• _Items from a dataset_:
Start of Block

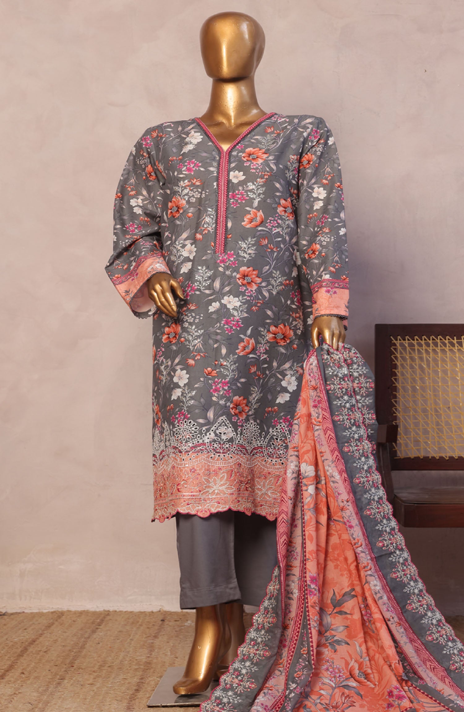 Home Bin Saeed Embroidered Lawn Stitched 3 Piece Suit - D-02 - BS25LELC - Grey - Summer Collection
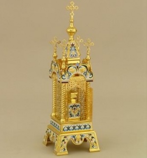 Auf dem Altartisch hat gewöhnlich auch der Tragbehälter für die Heiligen Gaben seinen Platz – ein kleiner Behälter in Form einer Kapelle mit einem Türchen und einem Kreuz an der Vorderseite. Im Inneren dieses Tragbehälters befinden sich ein Kästchen, das zur Aufbewahrung der Heiligen Gaben dient, ein kleiner Kelch, ein Löffelchen und manchmal auch ein kleines Gefäß für den Wein. Die Priester tragen die Heiligen Gaben in diesem Tragbehälter an einer über den Hals gelegten Schnur auf der Brust zur Krankenkommunion in die Häuser, deshalb haben diese Behälter an den Seiten oft auch Ösen. Es gibt auch speziell für die Tragbehälter genähte Säckchen.
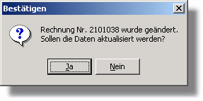 Wurde eine Rechnung im Journal geändert (durch erneuten Rechnungsdruck im Erfassen), wird beim Import ins Rechnungsbuch abgefragt, ob diese Rechnung im Rechnungsbuch aktualisiert werden soll. Die Rechnung wird nicht doppelt ins Rechnungsbuch übernommen. Die im Rechnungsbuch geänderte Rechnung wird erneut in die OP-Verwaltung übernommen. Der alte OP muss dort ggf. gelöscht werden, da in den OP nicht überschrieben wird.
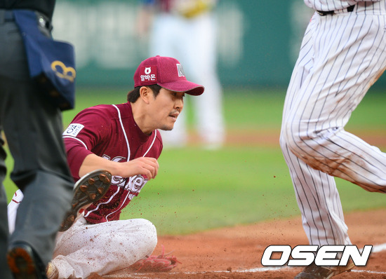 1일 오후 사직구장에서 열린 '2012 팔도 프로야구' 롯데 자이언츠와 넥센 히어로즈의 경기에서 1회말 1사 1, 2루에서 넥센 선발 김병현의 폭투때 2루주자 김주찬이 홈까지 파고들어 선취득점을 올리며 홈에서 태그를 시도했던 김병현이 볼을 빠트리며 넘어지고 있다.
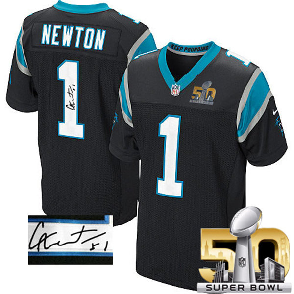 Nike Panthers #1 Cam Newton Black Team Color Super Bowl 50 Men's Stitched NFL Elite Autographed Jersey
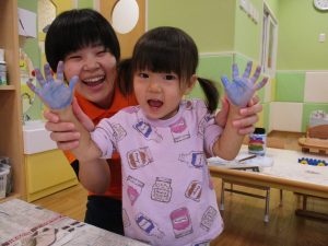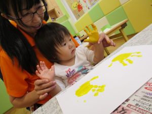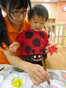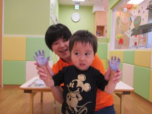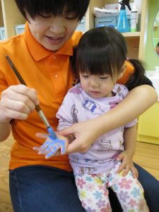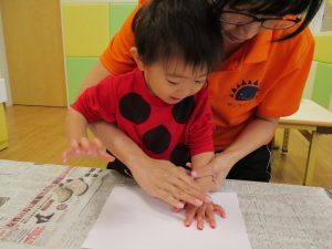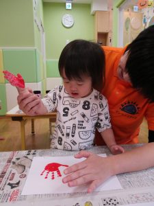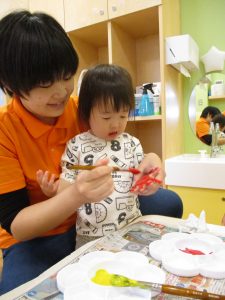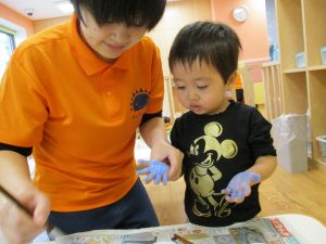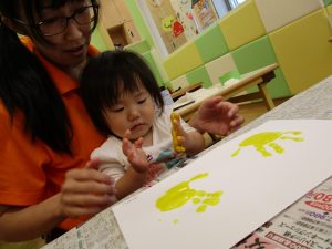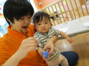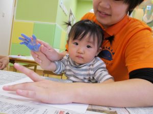 初めての製作に興味津々で手に絵の具がつくと不思議な表情を見せる子が多くとても微笑ましかったです。
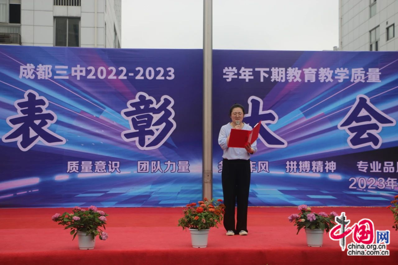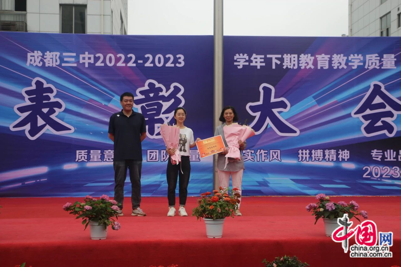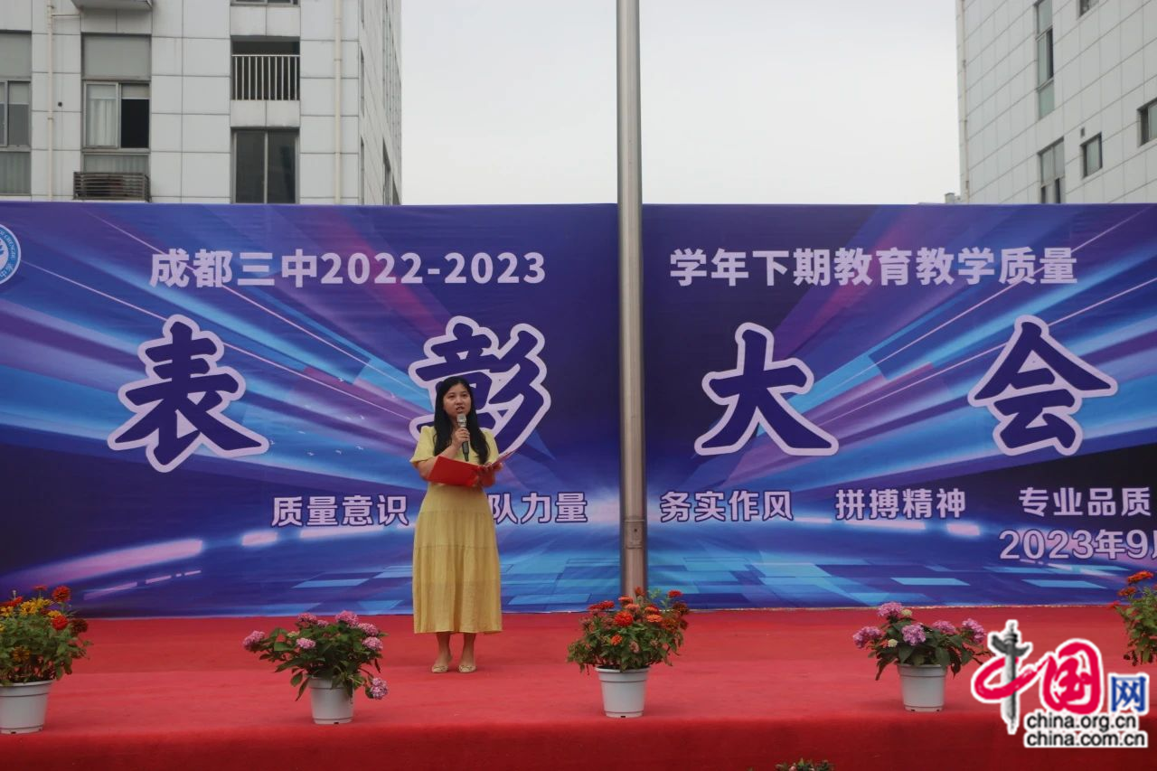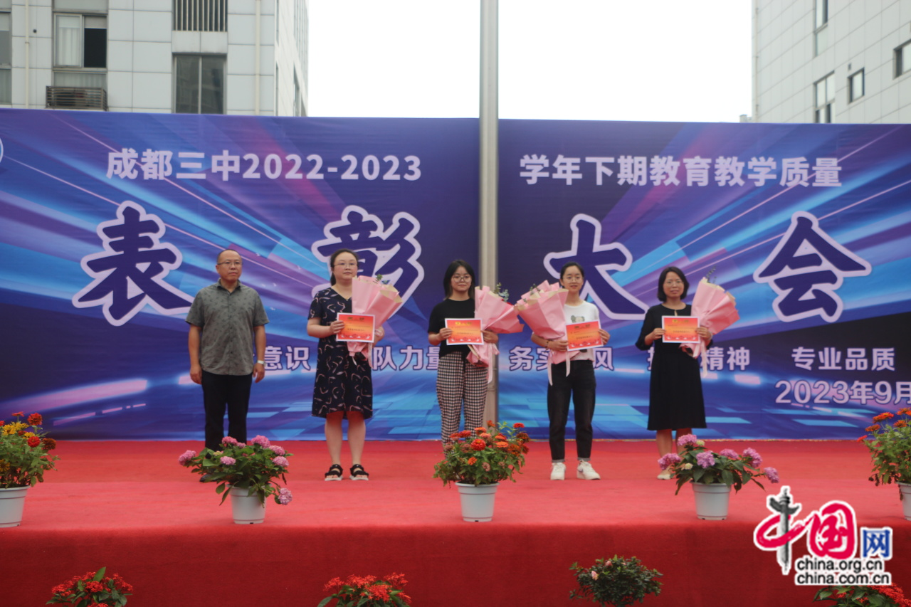 为激励全体教职工奋发向上,继续在教育事业发光发热,9月19日,成都市第三中学隆重举行了2022-2023学年度下期教育教学质量表彰大会,对在上学期取得优异的教育教学质量的教师进行了表彰。

End of Block

• _Requirement_:
Reproduce these records exactly, but not the pictures.

• _Exercise result_:
 Home Bin Saeed Embroidered Lawn Stitched 3 Piece Suit - D-02 - BS25LELC - Grey - Summer Collection
 Auf dem Altartisch hat gewöhnlich auch der Tragbehälter für die Heiligen Gaben seinen Platz – ein kleiner Behälter in Form einer Kapelle mit einem Türchen und einem Kreuz an der Vorderseite. Im Inneren dieses Tragbehälters befinden sich ein Kästchen, das zur Aufbewahrung der Heiligen Gaben dient, ein kleiner Kelch, ein Löffelchen und manchmal auch ein kleines Gefäß für den Wein. Die Priester tragen die Heiligen Gaben in diesem Tragbehälter an einer über den Hals gelegten Schnur auf der Brust zur Krankenkommunion in die Häuser, deshalb haben diese Behälter an den Seiten oft auch Ösen. Es gibt auch speziell für die Tragbehälter genähte Säckchen.
 Wurde eine Rechnung im Journal geändert (durch erneuten Rechnungsdruck im Erfassen), wird beim Import ins Rechnungsbuch abgefragt, ob diese Rechnung im Rechnungsbuch aktualisiert werden soll. Die Rechnung wird nicht doppelt ins Rechnungsbuch übernommen. Die im Rechnungsbuch geänderte Rechnung wird erneut in die OP-Verwaltung übernommen. Der alte OP muss dort ggf. gelöscht werden, da in den OP nicht überschrieben wird.
 1일 오후 사직구장에서 열린 '2012 팔도 프로야구' 롯데 자이언츠와 넥센 히어로즈의 경기에서 1회말 1사 1, 2루에서 넥센 선발 김병현의 폭투때 2루주자 김주찬이 홈까지 파고들어 선취득점을 올리며 홈에서 태그를 시도했던 김병현이 볼을 빠트리며 넘어지고 있다.
 Nike Panthers #1 Cam Newton Black Team Color Super Bowl 50 Men's Stitched NFL Elite Autographed Jersey
 初めての製作に興味津々で手に絵の具がつくと不思議な表情を見せる子が多くとても微笑ましかったです。
 为激励全体教职工奋发向上,继续在教育事业发光发热,9月19日,成都市第三中学隆重举行了2022-2023学年度下期教育教学质量表彰大会,对在上学期取得优异的教育教学质量的教师进行了表彰。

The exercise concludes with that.